Dan Friday: Solo Exhibition



Lummi Reef Netting (ca. 1890). (Credit: Lummi Nation Archive)

We open our Season of Northwest Native Art Glass with a solo exhibit by Seattle-based glass artist Dan Friday (Lummi Nation). Dan returns to the gallery with blown and hotsculpted works in glass, focusing particularly on the proud resurgence of reefnet fishing amongst the Lummi nation. Reefnet fishing an indigenous fishing practice that is one of the most sustainable and humane in the world, but that was almost completely wiped out in the twentieth century.

In honor of the reclamation of these practices, Dan Friday renders some of the most important tools in reef netting out of glass for his new exhibition. They join other works honoring his Lummi heritage, including woven cedar baskets made from a complex glass mosaic technique; model totem poles in hot-sculpted glass, and others.

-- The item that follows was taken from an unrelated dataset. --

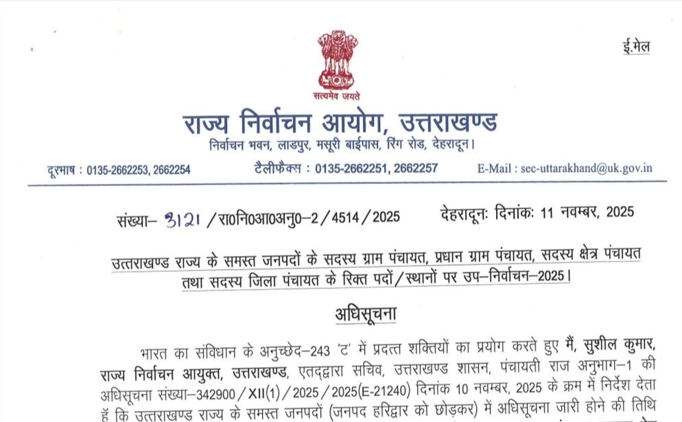 देहरादून। राज्य निर्वाचन आयोग ने त्रिस्तरीय पंचायतों के उपचुनाव की अधिसूचना जारी कर दी है। ग्राम पंचायत सदस्य, ग्राम प्रधान, क्षेत्र पंचायत सदस्य एवं जिला पंचायत सदस्य के पदों पर उपचुनाव हेतु नाम निर्देशन पत्र 13 व 14 नवम्बर, 2025 को पूर्वाह्न 10 बजे से अपराह्न 5 बजे तक जमा किए जाएंगे। नाम निर्देशन पत्रों की जांच 15 नवम्बर, 2025 को पूर्वाह्न 10रू00 से कार्य समाप्ति तक की जाएगी, जबकि नाम वापसी की अंतिम तिथि 16 नवम्बर, 2025 को पूर्वाह्न 10 बजे से अपराह्न 3 बजे तक निर्धारित की गई। उसी दिन प्रतीक चिन्ह आवंटन की कार्यवाही भी की जाएगी। [more…]

Learn more about reefnetting and Dan’s glass by scrolling down the page, past the artwork.


Exhibition Dates:

September 16, 2018 - September 30, 2018

Involved Artists:

Dan Friday

ARTIST LECTURE: Tuesday, September 18th, 6:30pm at Stonington Gallery. Free to attend.

Featured Works


Diagram by Hilary Stewart.

Reefnetting was spread amongst the tribes around the Salish Sea but was invented by the Lummi. Reefnet fishing was traditionally done by suspending a a sxwole (woven reef net) between two canoes. The ancient reef net, made of the inner bark of cedar, willow saplings, and sometimes nettles, was laid underwater near bottom, and sloped towards the surface. Fishers attached the net to anchors at the upstream end of the surging tide and to the canoes at the other end.

They anchored their canoes at the downstream end and spread the net. Fish would swim along the bottom, through a path created in kelp, constrained to the sides by reefs and/or islands. On meeting the trellis-like structure, which would be strung with sea grass to create a false bottom, the fish would be gently nudged up to the net proper. When spotters observed salmon swimming into the net, they released the canoes from their anchors and they swung together. Meanwhile, the downstream end of the net was pulled in, followed by the upstream side to trap the fish inside.

Once practiced throughout the San Juan Islands, reefnetting now exists only off Lummi Island, and three of the other San Juan Islands. Legislation by the Washington State government in the 1890s banned reef netting within 2400 feet of a fish trap (which were all white-owned), and this effectively banned reefnetting entirely. This devastated the livelihoods of Native families and almost wiped out the practice. The Lummi were pushed out of the islands and onto a reservation outside of Bellingham. Industrial fish–trap operations took over their reef net sites and many Lummi got work in the salmon canneries. A 1934 ban on fish traps in Puget Sound gave tribal fishermen renewed access to their traditional sites, but were crowded out by competition from non-Indian fishermen who were able to reef net in more profitable locations.

Lummi tribal members reefnet fishing off Xwe’chi’eXen (Cherry Point) in 2013, using traditional methods. Photo by Brad Angerman (Pyramid).

Traditional reefnetting has reappeared in a small but significant way, with the Lummi Nation holding their first traditional reefnetting at Cherry Point in 2013 in modern history. Tribal members carved the canoes and wove the nets by hand.

“A sxwole (reef net) is a gift from our creator, therefore an inherent right,” said Lummi tribal cultural adiminstrative policy assistant Al Scott Johnnie in 2013. “The sockeye salmon spirit came to our people and showed them how to make the reef net from the willow and other materials that were used from long ago. This was a way of life for our people, and the method was also to allow our sockeye to go up into the river so they could replenish, because they were our extended family.”




Learn how Dan Friday creates his iconic glass mosaic baskets in this excellent video by Derek Klein:

Dan Friday is a member of the Lummi Nation and a Seattle-based glass artist. He has spent the last twenty years working for artists such as Dale Chihuly, Paul Marioni, Preston Singletary, and many others. Dan has also taught at the Pilchuck School of Glass. He has had residencies at the Museum of Glass in Tacoma, WA, and the Dream Community in Tai Pei, Taiwan.Dan is a recipient of the Discovery Fellowship through the Southwestern Association for Indian Arts, and was awarded a research residency at the Burke Museum of Natural History and Culture to study his family’s historic legacy. His work can be seen in galleries across the United States.